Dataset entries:
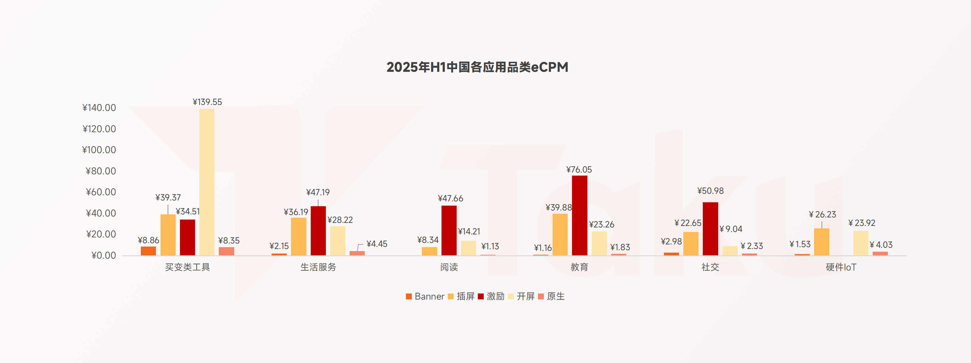 从中国大陆市场看:激励视频是多数应用的主要广告形式,而 2025 年上半年受 618 大促影响,广告主增加开屏、插屏等更直观形式的投放,使其与激励视频的 eCPM差距缩小。原生广告在买变类工具、生活服务和 IoT 品类的表现较其他品类更优,这是因为今年不少产品通过自渲染优化原生广告效果,使其相较其他形式更为“隐形”,能够减少对用户的打扰。
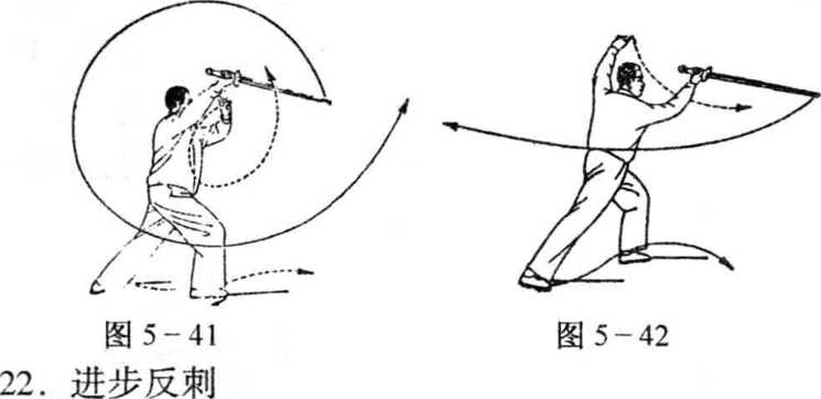(2) 身体左转,左脚前进一步,成左弓步,同时,右前臂向 上弯屈,剑尖向上挑挂,继而向前刺出(前臂内旋,手心向外, 成反立剑),力注剑尖,剑尖略低,左手剑指附于右腕部,眼看 剑尖(图5-44)。
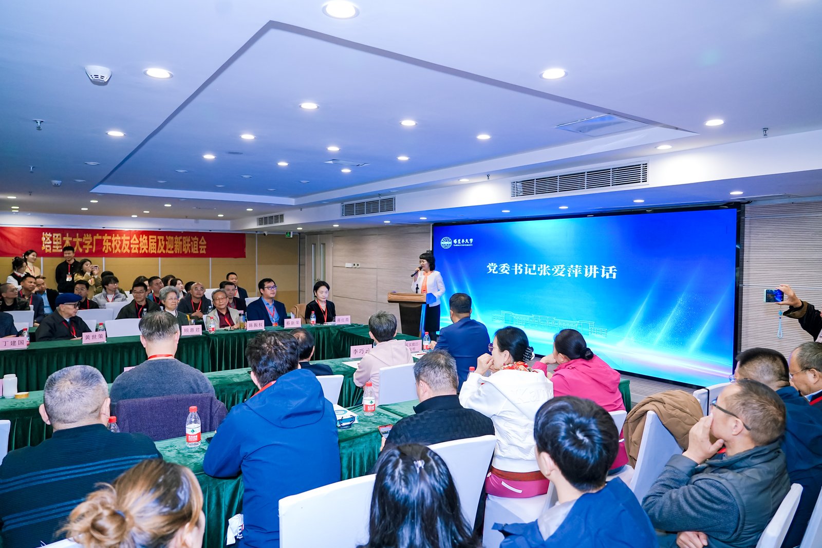 塔里木大學黨委書記張愛萍,原黨委書記趙光輝,黨委常委、副校長張宏榮出席。廣東校友會第一屆、第二屆理事會成員、塔大校友們歡聚一堂,感念母校恩情,共話未來發展。會議由獸醫87屆校友蔣紅霞主持,在廣州市天河區天娛廣場東塔12樓會議室舉行。
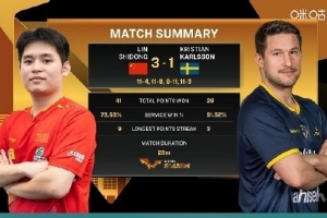 體育資訊10月2日訊 2025年WTT中國大滿貫?zāi)袉?/8決賽,林詩棟3-1克里斯蒂安-卡爾森,晉級八強。
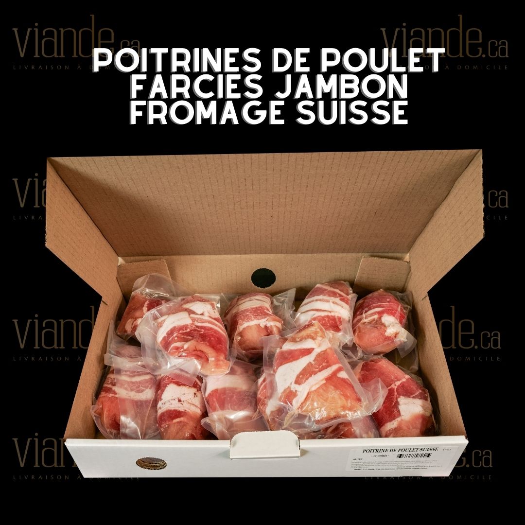 12 poitrines farcies de jambon et de fromage suisse, entourées de bacon
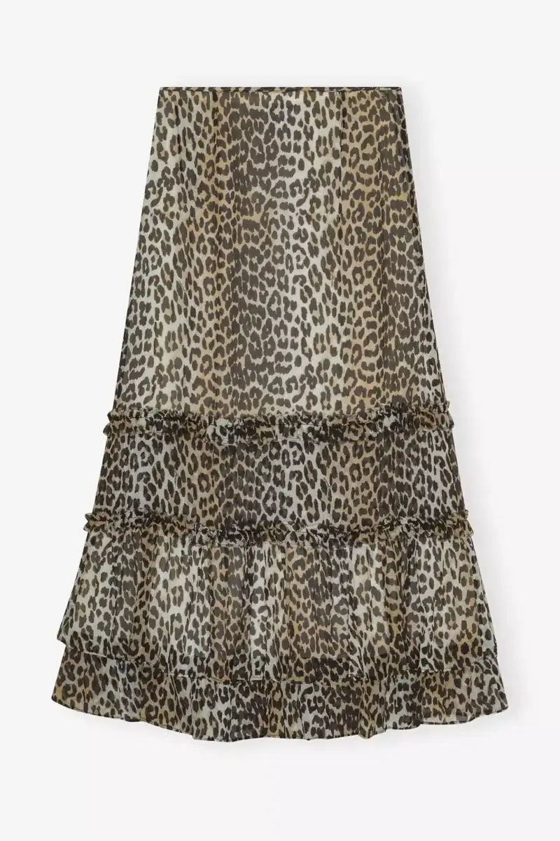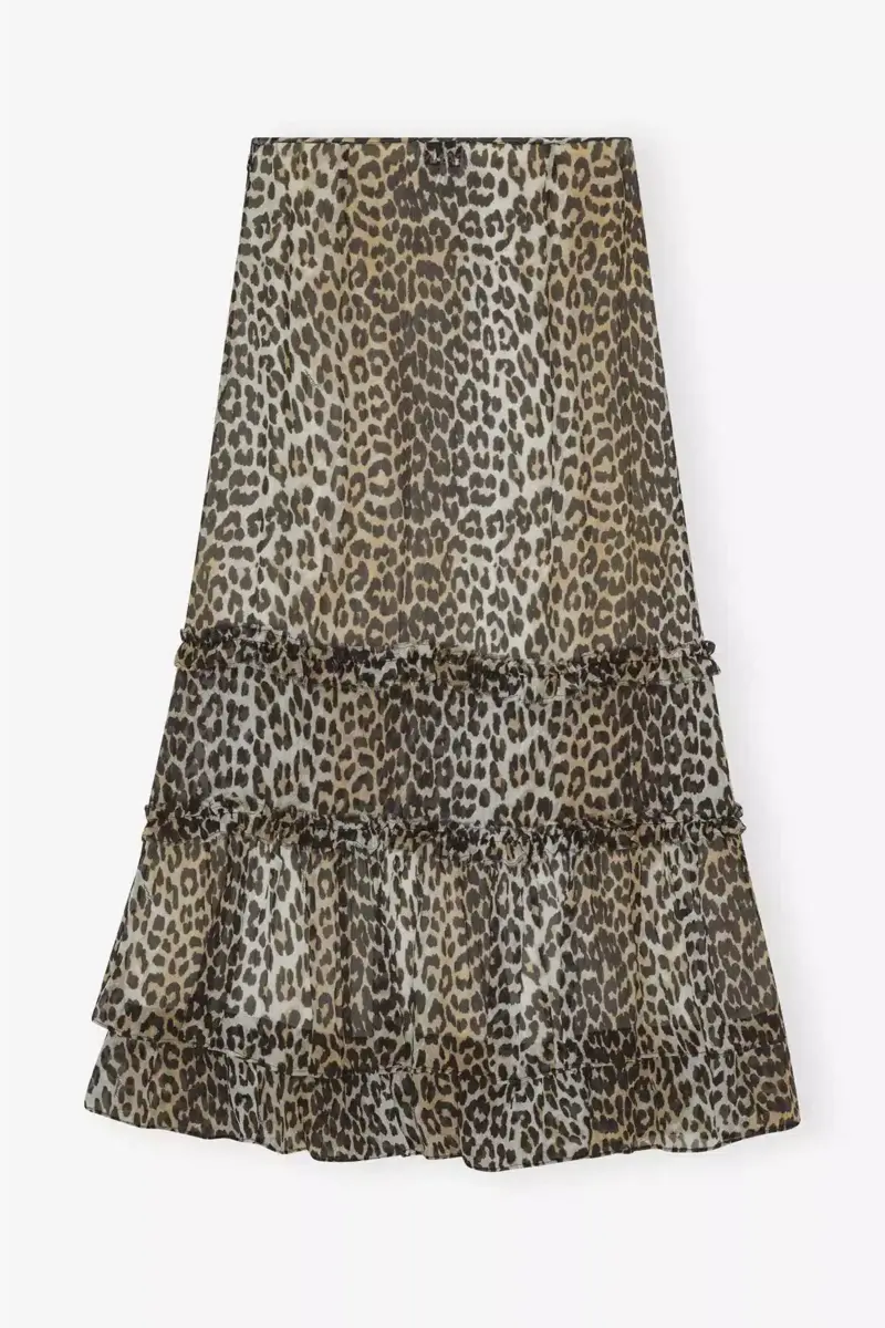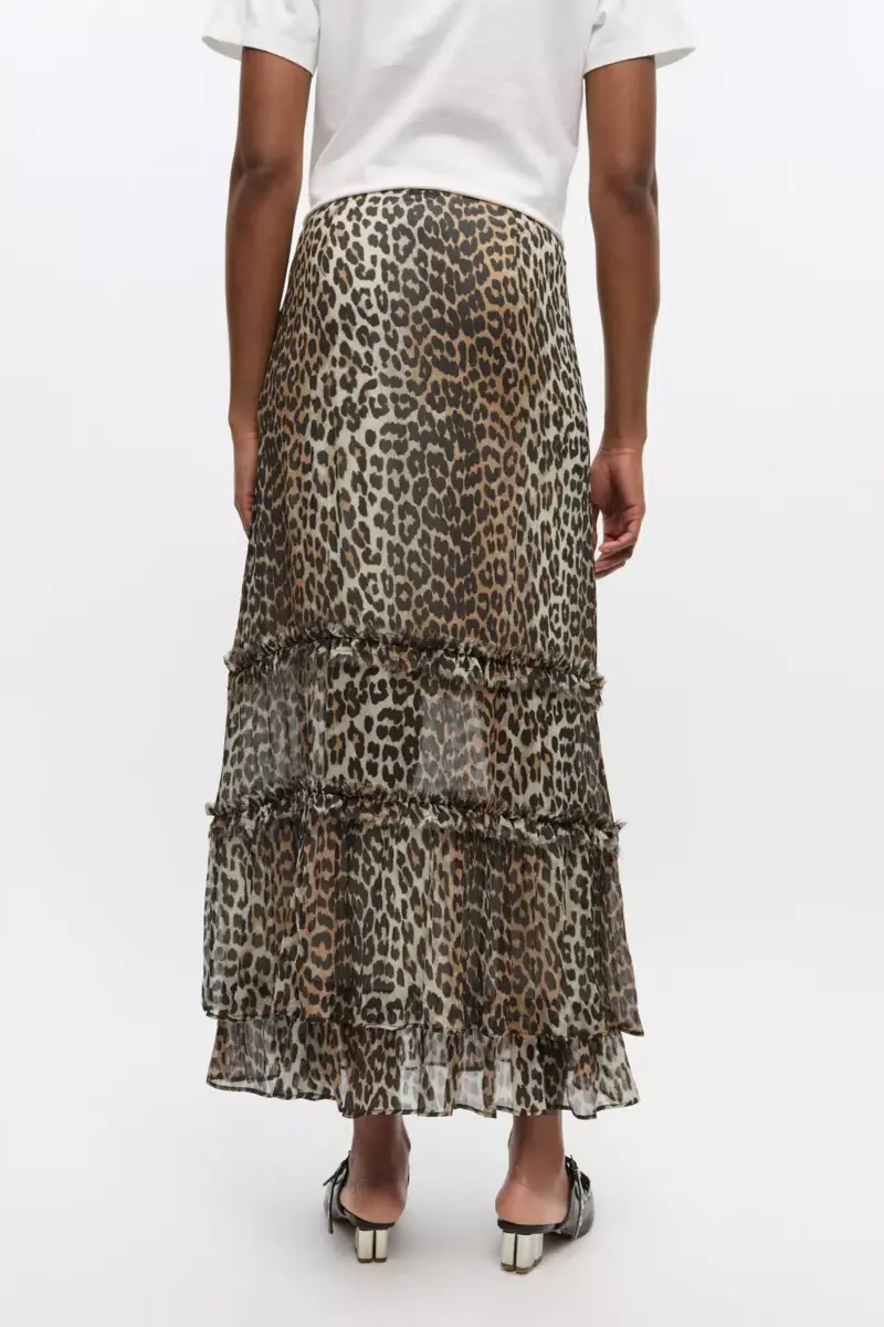 This skirt features a flowing silhouette, layered structure, ruffle details and an all-over leopard print.
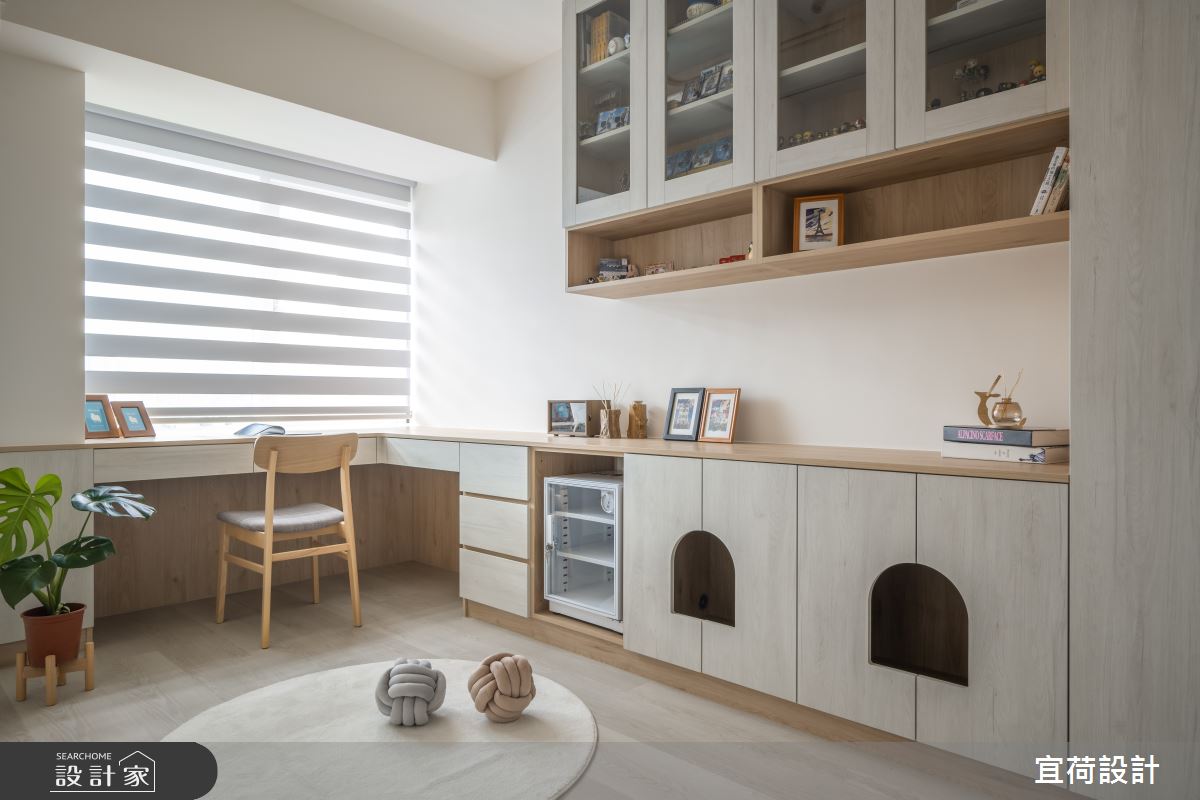 由宜荷設計精心規劃的32坪一房住宅空間,家庭成員一共有1位大人、3位小孩。因應屋主需求,設計師運用侘寂風作為主軸,搭配乳膠漆、六角磚/蜂巢磚、花磚、木紋磚、不鏽鋼、灰鏡、鍍鈦金屬、鋼刷木皮、系統板材、大理石、磁磚、木百葉、水磨石、珪藻土、石材、噴漆、司曼特,打造全家人的夢想家居。

### [What the task requires]
When copying the records above, please match them exactly but leave out all pictures.

### [Exercise solution]
 从中国大陆市场看:激励视频是多数应用的主要广告形式,而 2025 年上半年受 618 大促影响,广告主增加开屏、插屏等更直观形式的投放,使其与激励视频的 eCPM差距缩小。原生广告在买变类工具、生活服务和 IoT 品类的表现较其他品类更优,这是因为今年不少产品通过自渲染优化原生广告效果,使其相较其他形式更为“隐形”,能够减少对用户的打扰。
(2) 身体左转,左脚前进一步,成左弓步,同时,右前臂向 上弯屈,剑尖向上挑挂,继而向前刺出(前臂内旋,手心向外, 成反立剑),力注剑尖,剑尖略低,左手剑指附于右腕部,眼看 剑尖(图5-44)。
 塔里木大學黨委書記張愛萍,原黨委書記趙光輝,黨委常委、副校長張宏榮出席。廣東校友會第一屆、第二屆理事會成員、塔大校友們歡聚一堂,感念母校恩情,共話未來發展。會議由獸醫87屆校友蔣紅霞主持,在廣州市天河區天娛廣場東塔12樓會議室舉行。
 體育資訊10月2日訊 2025年WTT中國大滿貫?zāi)袉?/8決賽,林詩棟3-1克里斯蒂安-卡爾森,晉級八強。
 12 poitrines farcies de jambon et de fromage suisse, entourées de bacon
 This skirt features a flowing silhouette, layered structure, ruffle details and an all-over leopard print.
 由宜荷設計精心規劃的32坪一房住宅空間,家庭成員一共有1位大人、3位小孩。因應屋主需求,設計師運用侘寂風作為主軸,搭配乳膠漆、六角磚/蜂巢磚、花磚、木紋磚、不鏽鋼、灰鏡、鍍鈦金屬、鋼刷木皮、系統板材、大理石、磁磚、木百葉、水磨石、珪藻土、石材、噴漆、司曼特,打造全家人的夢想家居。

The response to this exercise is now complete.